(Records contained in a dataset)
====================

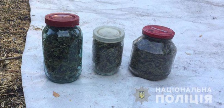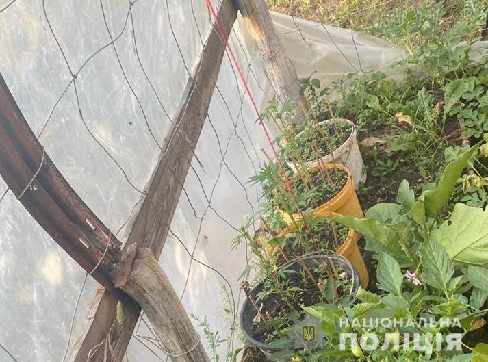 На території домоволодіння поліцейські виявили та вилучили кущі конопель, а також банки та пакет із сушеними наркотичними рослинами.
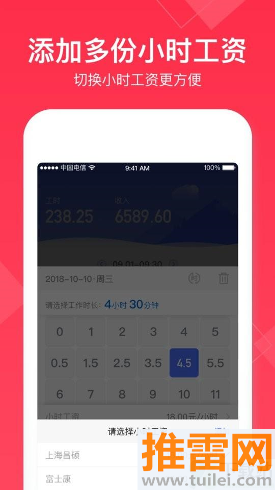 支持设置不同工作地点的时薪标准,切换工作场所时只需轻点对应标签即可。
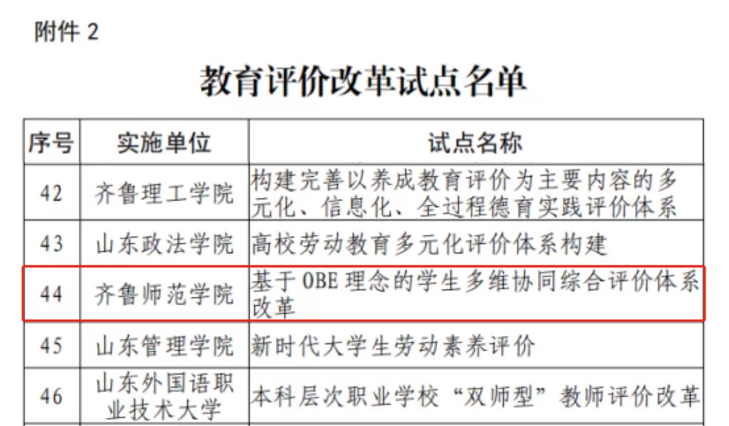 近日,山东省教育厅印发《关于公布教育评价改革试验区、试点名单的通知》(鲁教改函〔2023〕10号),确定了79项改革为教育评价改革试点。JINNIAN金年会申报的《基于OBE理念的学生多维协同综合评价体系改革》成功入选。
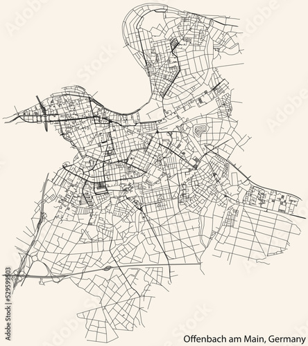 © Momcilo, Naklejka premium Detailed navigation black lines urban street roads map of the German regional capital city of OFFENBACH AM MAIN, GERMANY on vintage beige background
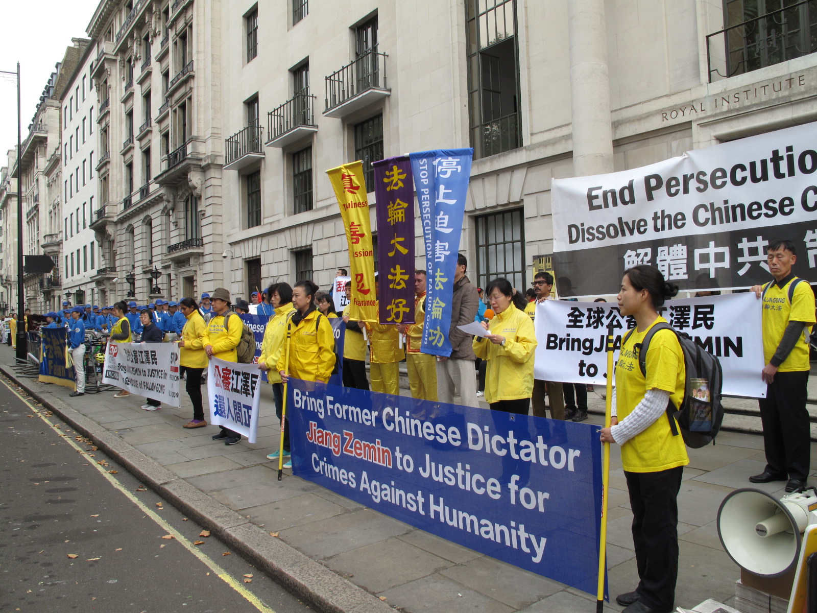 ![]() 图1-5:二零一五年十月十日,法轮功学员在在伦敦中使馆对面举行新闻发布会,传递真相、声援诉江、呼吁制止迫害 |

====================

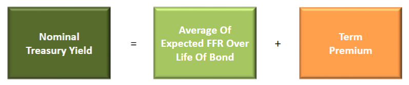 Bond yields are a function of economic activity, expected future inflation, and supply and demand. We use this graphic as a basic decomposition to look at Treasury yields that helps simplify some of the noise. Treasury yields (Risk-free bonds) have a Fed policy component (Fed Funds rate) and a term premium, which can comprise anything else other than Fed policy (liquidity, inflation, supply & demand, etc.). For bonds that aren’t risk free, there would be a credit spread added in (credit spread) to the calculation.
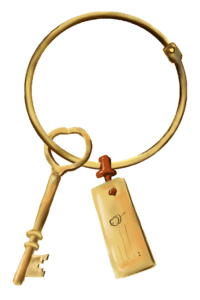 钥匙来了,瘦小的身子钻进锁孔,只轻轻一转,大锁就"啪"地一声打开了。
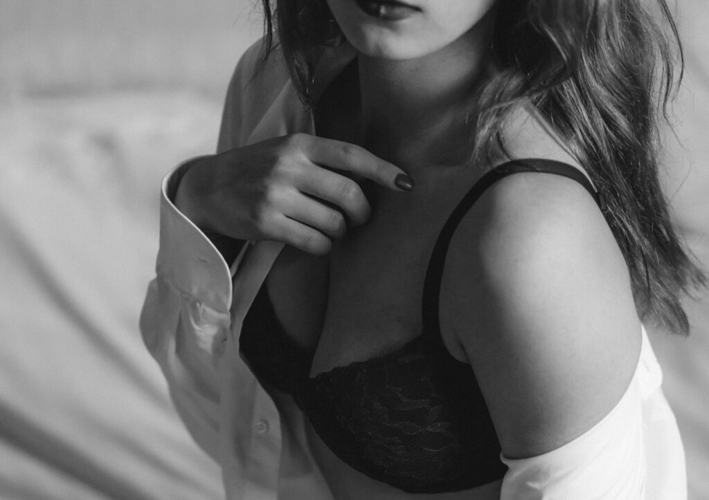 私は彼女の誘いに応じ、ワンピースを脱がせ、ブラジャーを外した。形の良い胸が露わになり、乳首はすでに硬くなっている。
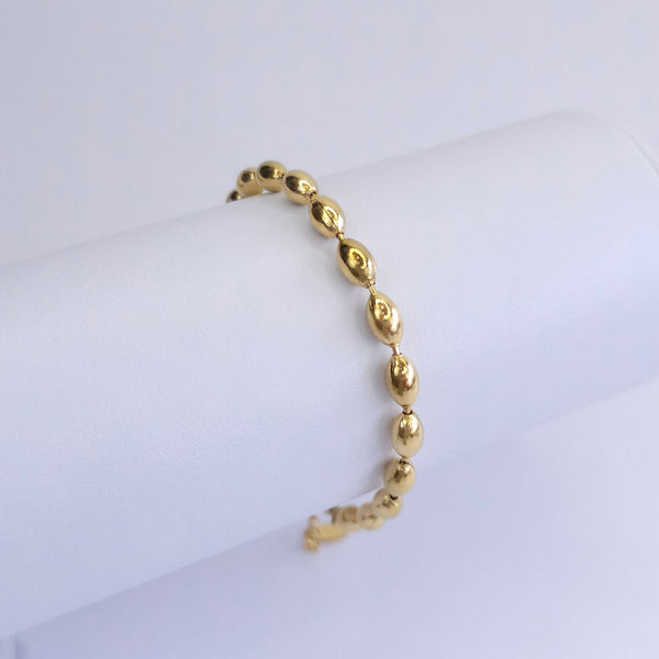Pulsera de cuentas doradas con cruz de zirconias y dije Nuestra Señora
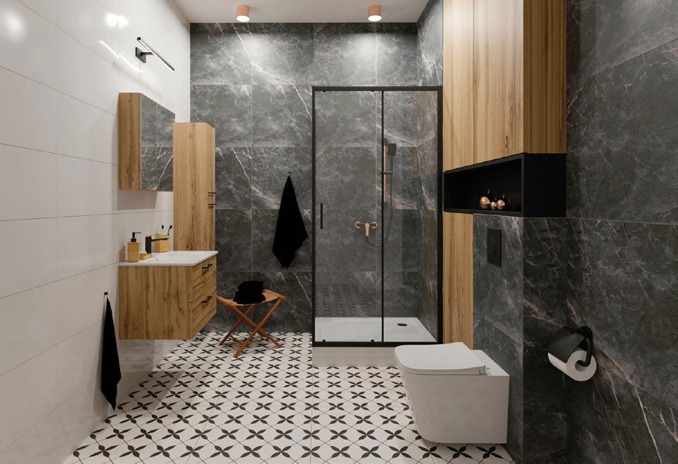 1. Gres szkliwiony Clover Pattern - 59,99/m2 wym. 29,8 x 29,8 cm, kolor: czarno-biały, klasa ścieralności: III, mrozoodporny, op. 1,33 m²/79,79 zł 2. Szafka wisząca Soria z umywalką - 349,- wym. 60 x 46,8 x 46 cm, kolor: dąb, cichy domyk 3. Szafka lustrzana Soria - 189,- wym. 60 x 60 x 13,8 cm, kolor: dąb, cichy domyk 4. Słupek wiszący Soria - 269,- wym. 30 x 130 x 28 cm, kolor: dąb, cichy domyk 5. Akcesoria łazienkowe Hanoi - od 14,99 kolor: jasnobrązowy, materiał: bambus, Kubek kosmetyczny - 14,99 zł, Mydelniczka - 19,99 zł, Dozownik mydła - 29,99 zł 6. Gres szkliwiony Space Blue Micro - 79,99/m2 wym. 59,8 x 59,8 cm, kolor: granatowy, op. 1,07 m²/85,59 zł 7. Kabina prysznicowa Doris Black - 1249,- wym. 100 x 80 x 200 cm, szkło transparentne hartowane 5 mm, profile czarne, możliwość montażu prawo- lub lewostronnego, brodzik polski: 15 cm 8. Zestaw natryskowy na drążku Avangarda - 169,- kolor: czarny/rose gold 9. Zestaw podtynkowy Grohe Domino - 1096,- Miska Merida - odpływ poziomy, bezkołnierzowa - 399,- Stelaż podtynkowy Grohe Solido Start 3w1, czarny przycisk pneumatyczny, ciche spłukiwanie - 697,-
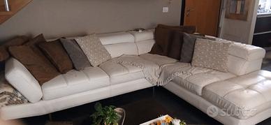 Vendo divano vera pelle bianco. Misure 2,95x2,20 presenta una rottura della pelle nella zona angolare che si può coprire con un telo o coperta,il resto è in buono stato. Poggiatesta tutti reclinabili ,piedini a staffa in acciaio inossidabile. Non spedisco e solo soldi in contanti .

====================

(WHAT THIS TASK INVOLVES)
Pictures aside, return exactly the lines from the data above, starting at the line that has "На території домоволодіння" and ending at the line that has "vintage beige background", both included.

(ANSWER BOX)
 На території домоволодіння поліцейські виявили та вилучили кущі конопель, а також банки та пакет із сушеними наркотичними рослинами.
 支持设置不同工作地点的时薪标准,切换工作场所时只需轻点对应标签即可。
 近日,山东省教育厅印发《关于公布教育评价改革试验区、试点名单的通知》(鲁教改函〔2023〕10号),确定了79项改革为教育评价改革试点。JINNIAN金年会申报的《基于OBE理念的学生多维协同综合评价体系改革》成功入选。
 © Momcilo, Naklejka premium Detailed navigation black lines urban street roads map of the German regional capital city of OFFENBACH AM MAIN, GERMANY on vintage beige background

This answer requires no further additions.